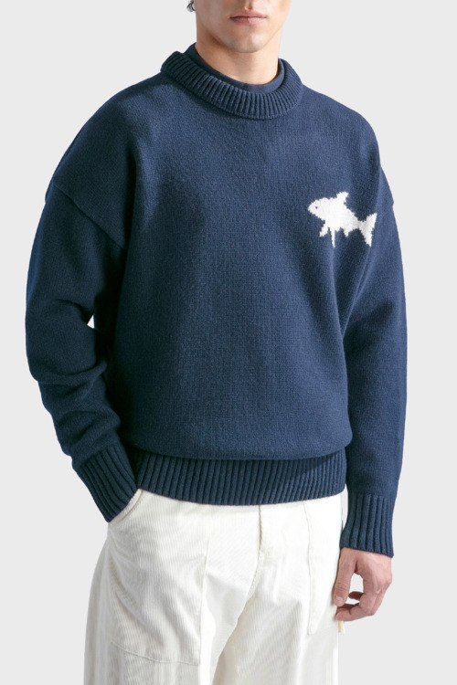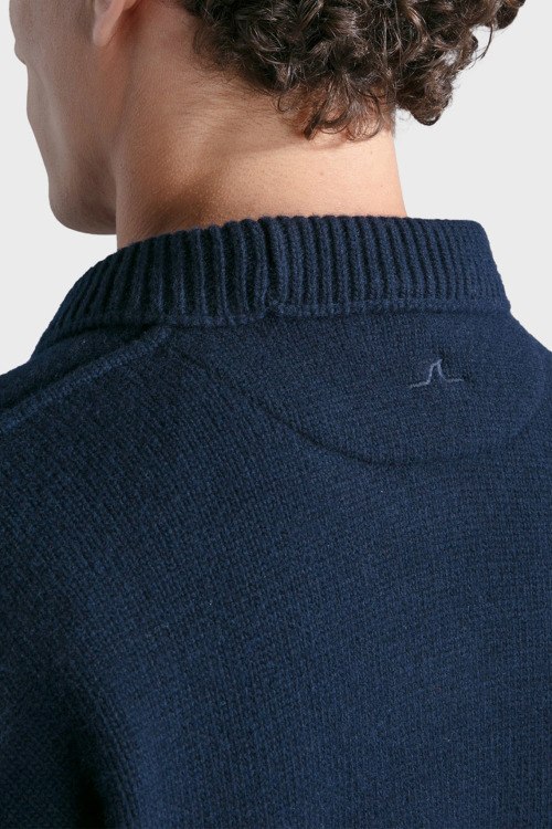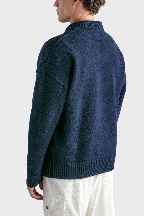 Детали: Мужской темно-синий шерстяной джемпер от Paul & Shark (Пол энд Шарк). Логотип на груди, круглый вырез горловины, классическая длина, манжеты и нижний край в рубчик
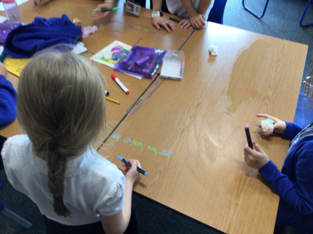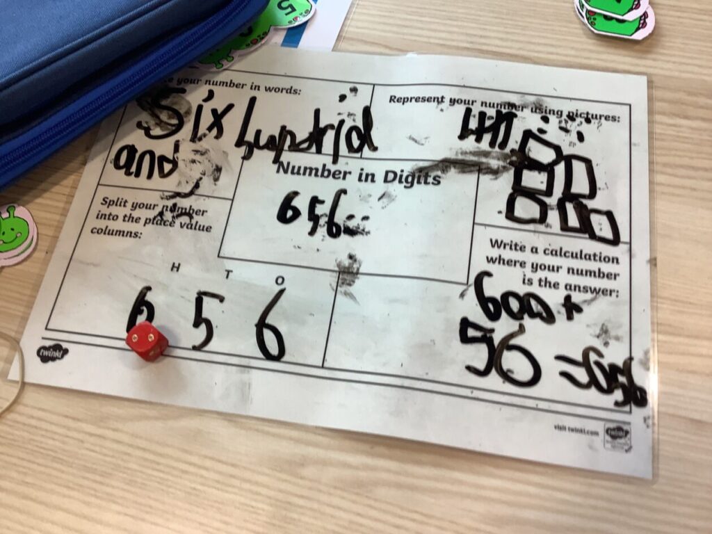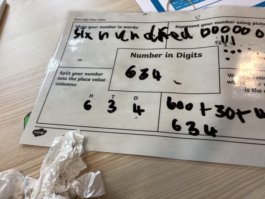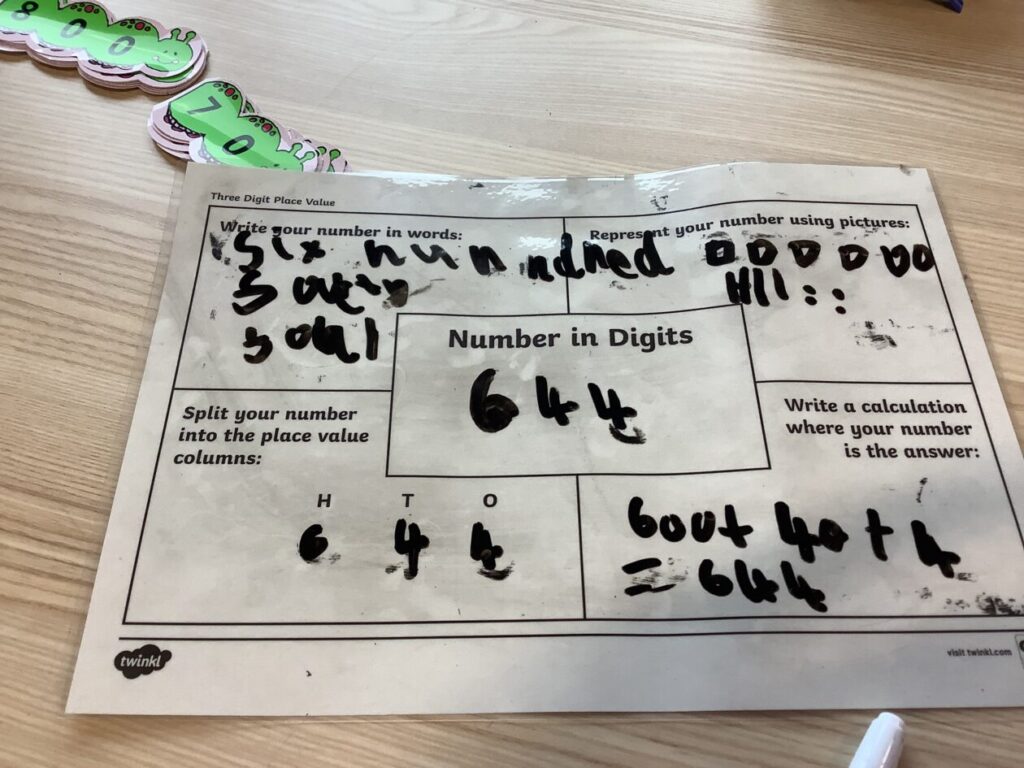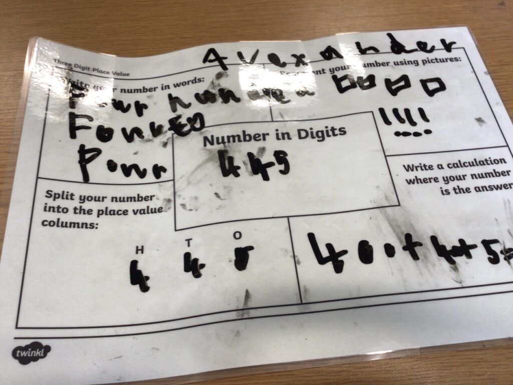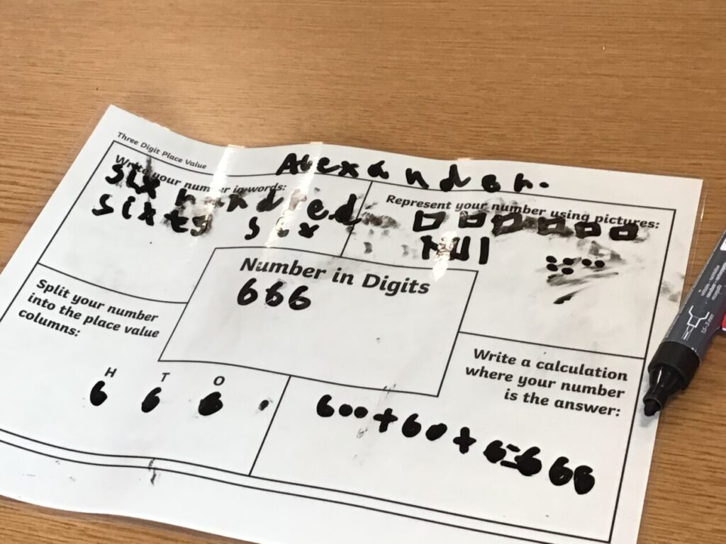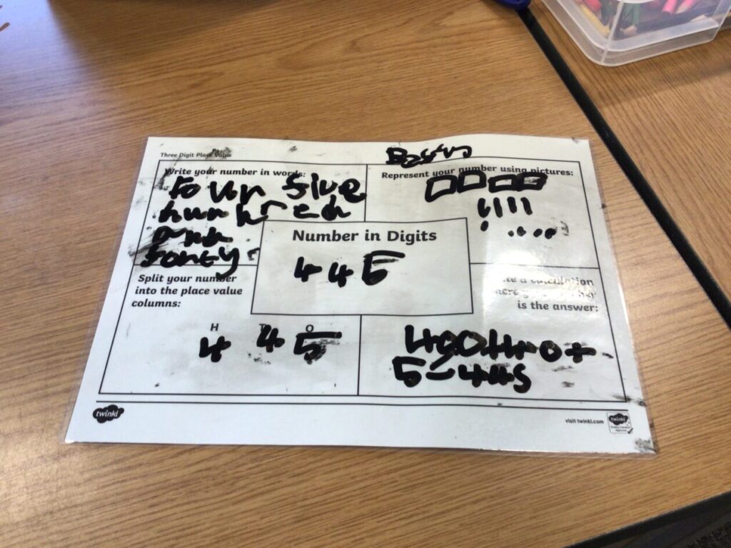 This maths group were doing some place value. They had to split up the number into hundreds, tens and ones. They got to write on the table with special pens. – Asa
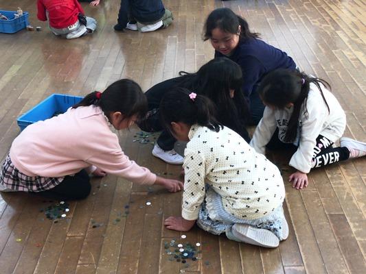 おはじきをする児童
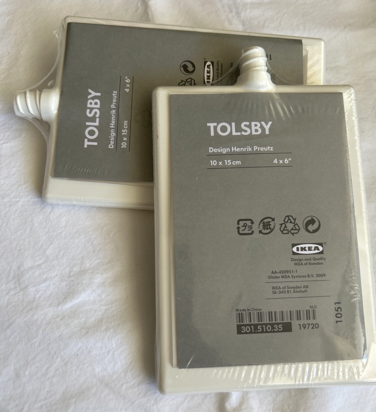IKEA Tolsbby white plastic picture frames in stands. New in package. Smoke/Pet free home. Cash and pick up only.
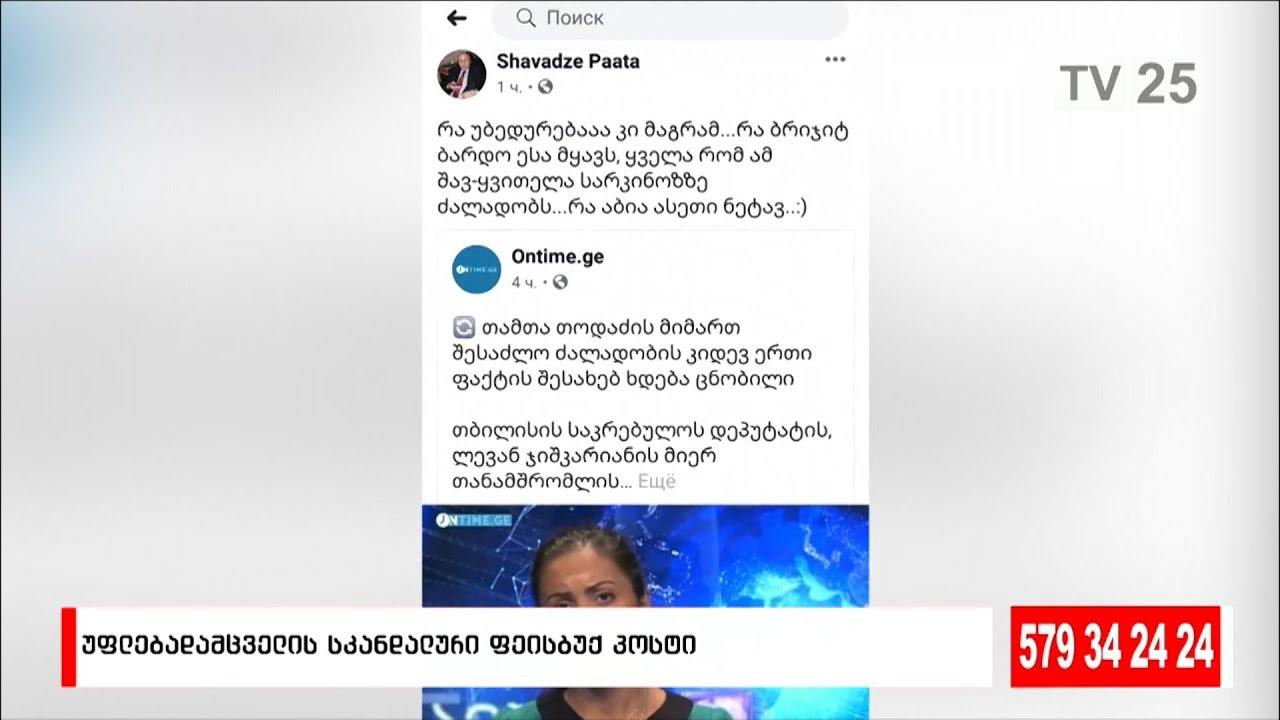 პაატა შავაძის ფეისბუქ სტატუსი, რომელსაც საზოგადოებაში არაერთგავაროვანი შეფასებები მოჰყვა. ეს ის ადვოკატია, რომელსაც უვადო მოსამართლეობა სურს. მისი ადრესატი კი ის ქალია, რომელიც თბილისის საკრებულოს დეპუტატს, სექსუალურ შევიწორებაში ადანაშაულებს. დაზარალებულის ადვოკატი პოსტს ამორალურს და სექსისტურს უწოდებს.
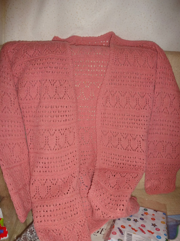 И кардиганчик, такой мииилый, ажурный, очень аккуратной вязки! Нитка такая интересная, поблескивает, искрится, жаль - на фото не видно.
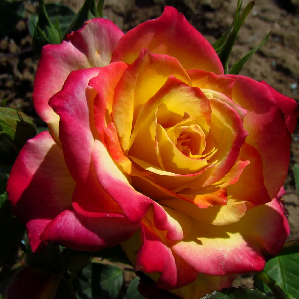 Яркая и жизнерадостная флорибунда. Эта великолепная роза, выведенная Морисом Гестом, образует крупные кисти ярко-желтых полумахровых цветов с более светлыми примуловыми центрами и карминово-розовыми краями на заостренных лепестках. Ранняя и быстро повторяющаяся в цветении, роза Birthday Surprise обладает очень здоровой листвой, устойчивой к болезням. Куст компактный и округлый, идеально подходит для посадки в контейнеры или в средней части клумбы.
##########
> _WORK REQUIRED_
Beginning with the line above that has "პაატა შავაძის ფეისბუქ" and going on through the line that has "И кардиганчик, такой", retype every line exactly and add nothing else; drop the pictures.

> _SOLUTION FOR THIS TASK_
 პაატა შავაძის ფეისბუქ სტატუსი, რომელსაც საზოგადოებაში არაერთგავაროვანი შეფასებები მოჰყვა. ეს ის ადვოკატია, რომელსაც უვადო მოსამართლეობა სურს. მისი ადრესატი კი ის ქალია, რომელიც თბილისის საკრებულოს დეპუტატს, სექსუალურ შევიწორებაში ადანაშაულებს. დაზარალებულის ადვოკატი პოსტს ამორალურს და სექსისტურს უწოდებს.
 И кардиганчик, такой мииилый, ажурный, очень аккуратной вязки! Нитка такая интересная, поблескивает, искрится, жаль - на фото не видно.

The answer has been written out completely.